Loading Now

Reflections: The Pen Is Mightier than the Sword: Anti-War Movement and Poetry

by Tila Neguse, PEP Executive Director

I attended a small, Christian all-girls private school from the time I was in 4th grade until I graduated high school. The great education I received was shadowed by an environment that (whether knowingly or unknowingly) attempted to crush all individuality and voices of dissent. I was a freshman in high school when we first entered the war in Afghanistan. Having a mark of the activist in my 14-year old self, I was very vocal about my opposition to the war and it definitely wasn’t easy being in a conservative oppressive environment. I was so upset, so hurt, so confused by the racist, ignorant, intolerant, and hateful comments that would float in the halls among my pious southern belle classmates regarding Muslims, Arab-Americans, and the inverted support of peace for our country through war with another. What could I say to make them hear my side? To make them really listen to me?

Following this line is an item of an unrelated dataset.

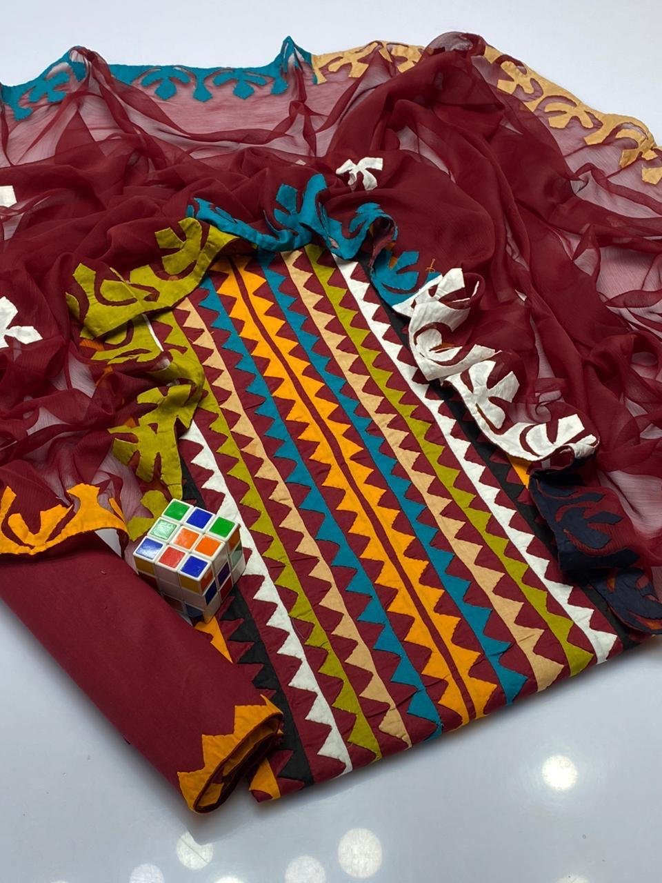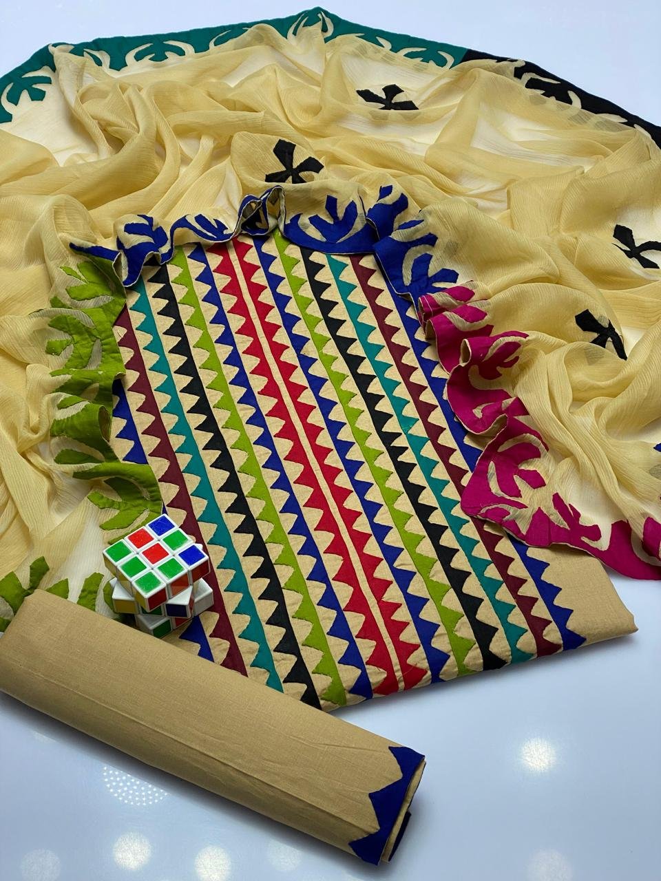- 👖 Matching Applique Work Trouser perfectly coordinated to complete the stylish 3 piece outfit.
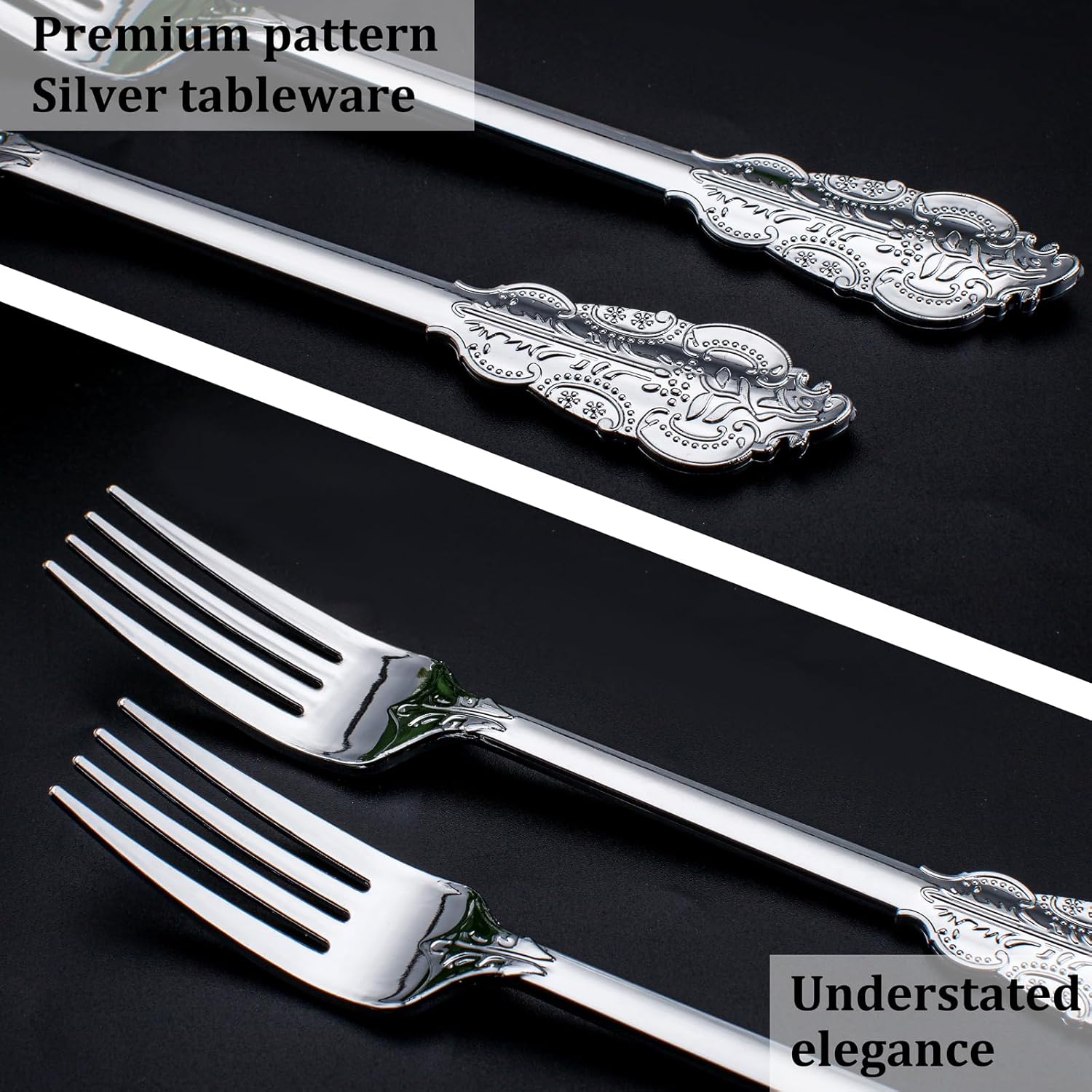 - WIDELY APPLICABLE: WDF silver plastic utensils are enough for your use in any scene like festive gatherings, birthdays, parties, weddings, restaurants, daily meals, etc. The plastic silverware will add elegance and luxury to your dining table.

Writing has always been such an important part in my life and that is exactly the medium I turned to during that time to explain my pacifist stance that was so callously disregarded, ignored, or perhaps just misunderstood by my peers. In an assignment in class when we were asked to reflect on the national tragedy on 9/11, I opened my essay with the words of Wilfred Owen, I am the enemy you killed my friend. I remember those words to this day from the poem “Strange Meeting.” I am the enemy you killed my friend. I chose those lines in a desperate attempt to make my classmates see people as members of a human race instead of subcategories of race and religion, markers of difference that since the beginning of time we have used to justify attacking and killing one another. I am the enemy you killed my friend. I couldn’t explain it more articulately than Wilfred Owen did, and to me the message was and is in the poetry.

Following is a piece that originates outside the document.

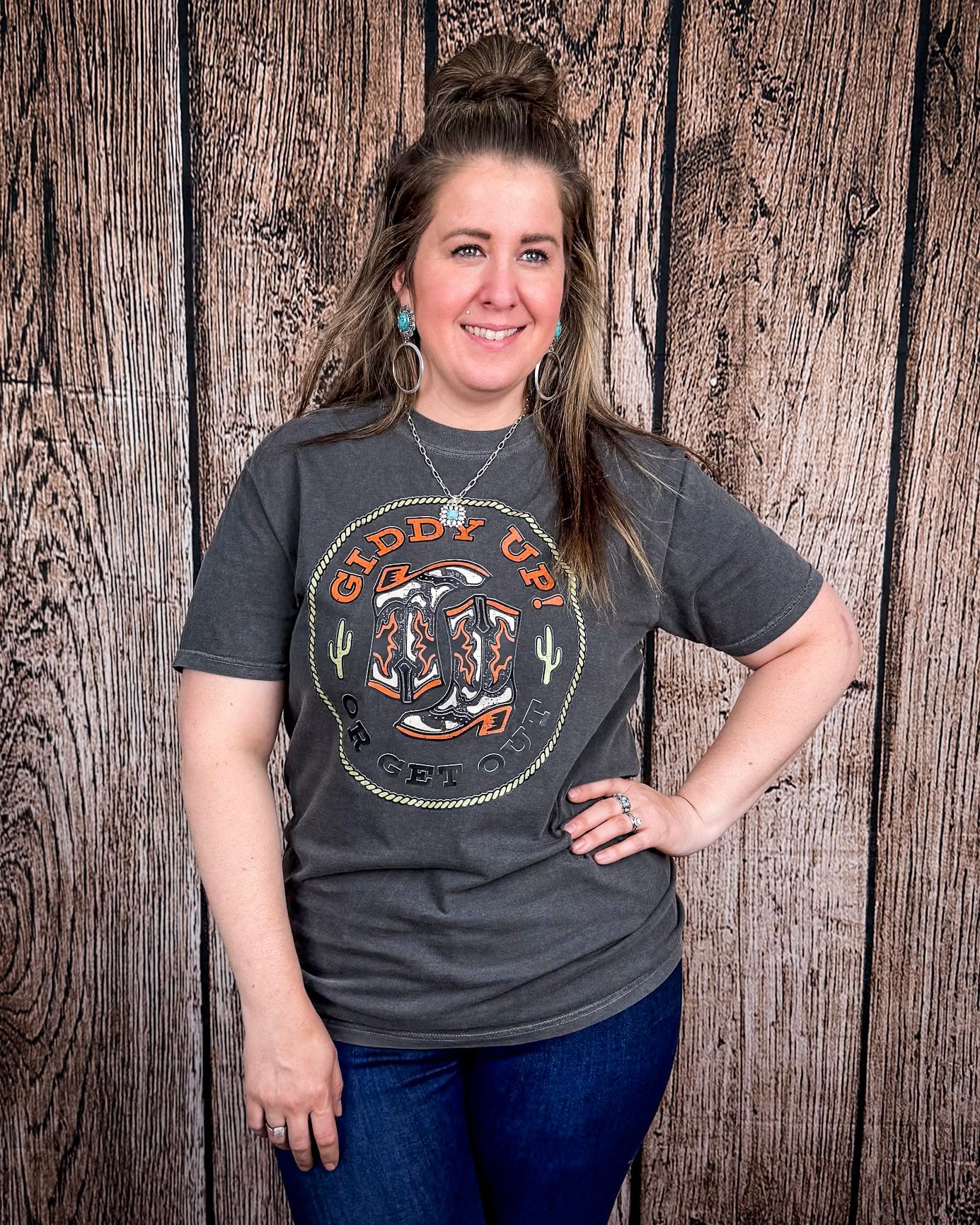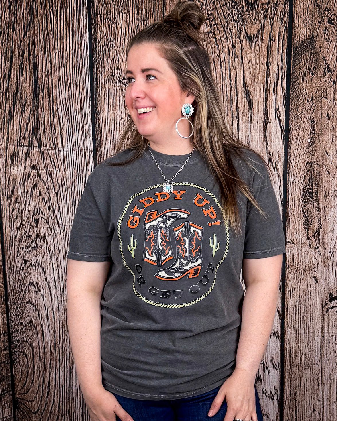 The Giddy Up or Get Out tee is for the ones who don’t wait around. For the bold, the loud-laughers, and the go-getters who show up as they are. It’s vintage in spirit, modern in comfort, and made to move through whatever the day throws your way.

owen  Reflections: The Pen Is Mightier than the Sword: Anti-War Movement and Poetry
Wilfred Owen

What could I do to make them listen to me? To make them hear me? To make them understand me? These must be the questions that all great anti-war poets have had to ask themselves at some point. The function of political art and poetry is essential in our movement against the war. We can speak in numbers, statistics, figures and politics but there is power in the poetic word, and paired with a message or a cause it becomes extremely poignant. The ability to create art within a movement is a spirit we need to keep alive. Sometimes we just need poets, like Wilfred Owen, to speak beyond logic to a different part of us, to remind us that we are all human after all and of the simple universal truth that violence and war is bad. If the thought of the sound of the guns and bombs don’t make you deplore war, then perhaps sullen poetic words describing it will echo and resonate within your soul. After all, the pen is the ultimate anti-thesis to the sword.